Nuclear Sciences

Development of clinically based prediction models using machine learning and Bayesian statistics

Desarrollo de modelos de predicción basados clínicamente utilizando aprendizaje automático y estadísticas bayesianas.


In this work, the framework for developing generic clinically based models is emphasized and illustrated with Bayesian statistics neurologic grade prediction models in order to exemplify the type of models that can be developed from a mathematical point of view. The models are based on clinical records of patients who underwent radiotherapy treatment due to glioblastoma which is an aggressive brain cancer. A first model requires as a parameter the neurologic grade of the patient before the treatment then predicts the grade after the treatment. A second, enhanced, model was developed with the aim of making the prediction more realistic and it uses the neurologic grade before the treatment as well, but it additionally depends on the Clinical Target Volume (CTV). Furthermore, with the aid of Bayesian statistic we were able to estimate the uncertainty of the predictions.

Key words: 

learning; adaptive systems; statistics; clinical trials; prediction equations.


En este trabajo el marco teórico, para desarrollar modelos genéricos basados en datos clínicos, se enfatiza e ilustra con estadísticas bayesianas las cuales predicen grados neurológicos para ilustrar los tipos de modelos que se pueden desarrollar desde un punto de vista matemático. Los modelos se basan en datos clínicos de pacientes que se han sometido a radioterapia por causa de un glioblastoma, el cual es un cáncer de cerebro agresivo.

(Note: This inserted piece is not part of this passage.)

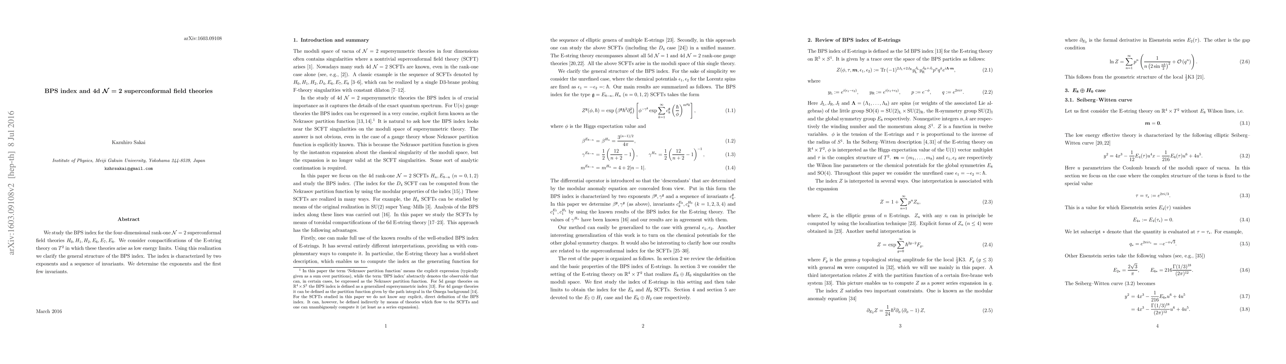 This paper investigates the BPS index for four-dimensional N=2 superconformal field theories, revealing its structure characterized by two exponents and a sequence of invariants. The study uses compactifications of E-string theory on T^2 to determine these features for specific theories.

Un primer modelo requiere como parámetro el grado neurológico del paciente antes del tratamiento y predice el grado después del tratamiento. Un segundo modelo, mejorado, fue desarrollado con el propósito de hacerlo más real, éste emplea también el grado neurológico antes del tratamiento; además depende del Volumen Blanco Clínico (CTV por sus siglas en inglés). Por último, con el uso de estadísticas bayesianas fue posible estimar la incertidumbre de las predicciones.

Palabras clave: 

aprendizaje; sistemas adaptivos; estadística; ensayos clínicos; ecuaciones de predicción.

There has been an increase of cancer clinical data generation in the form of clinical records and imaging data. The rapid growth of clinical data is dramatically increasing due to the availability of electronic data. Hence, modelling for prognostics and therapeutic purposes is moving forward [1]. As a response, biophysical models based on clinical data mining and machine learning are increasingly being developed, with the aim of evaluating clinical effects of radiotherapy treatments. The rich oncology data is a well-known candidate to apply big data analytics in order to improve the cancer treatments [2]. Among common clinical data in oncology includes medical images and other records such as age, gender, grades, tumor size, just to name a few fields. Despite the rapid progress in machine learning and related techniques, there are still barriers for the implementation of machine learning models by clinicians. The barriers of understanding the complexity of machine learning methods by clinicians contributes to the slowdown of the implementation of the machine learning models [1]. Hence, in this work we proposed a nearly step by step guide to develop clinically based models for a wider audience extending beyond machine learning specialists.

Machine learning methods have been used to predict toxicity grades concerning gastro-intestinal and genito-urinary toxicities[3]. However, we were interested in applying machine learning methods to Glioblastoma tumors due to their very high aggressiveness and speed of evolution. We decided to use the well known Bayesian statistics to accomplish the machine learning process due to its useful evidence-based framework which helps move forwards towards a personalized medicine. Personalized patient care is increasingly becoming a trend [4,5]. Bayes’ theorem can be used as a mathematical tool to calculate a probability. In order to better exploit the Bayesian framework we could use a Markov Chain Monte Carlo (MCMC) method to generate random numbers and decide which values lead to a higher posterior likelihood in order to keep the value.

The Metropolis-Hastings (M-H) algorithm is a versatile MCMC method developed in the 1950s and generalized in the 1970s by Hastings [6]. The main idea behind the algorithm is to generate random numbers, as in Monte Carlo, then use those numbers for an iteration (such as using them as inputs for a probability function) which only depends on the previous iteration as in Markov Chains then the algorithm decides to keep or reject the value. If the probability of the iteration is higher than the previous probability then we keep the value otherwise it goes through an acceptance test, which states that if the value is bigger than some value generated by a uniform distribution from 0 to 1 then we keep that value.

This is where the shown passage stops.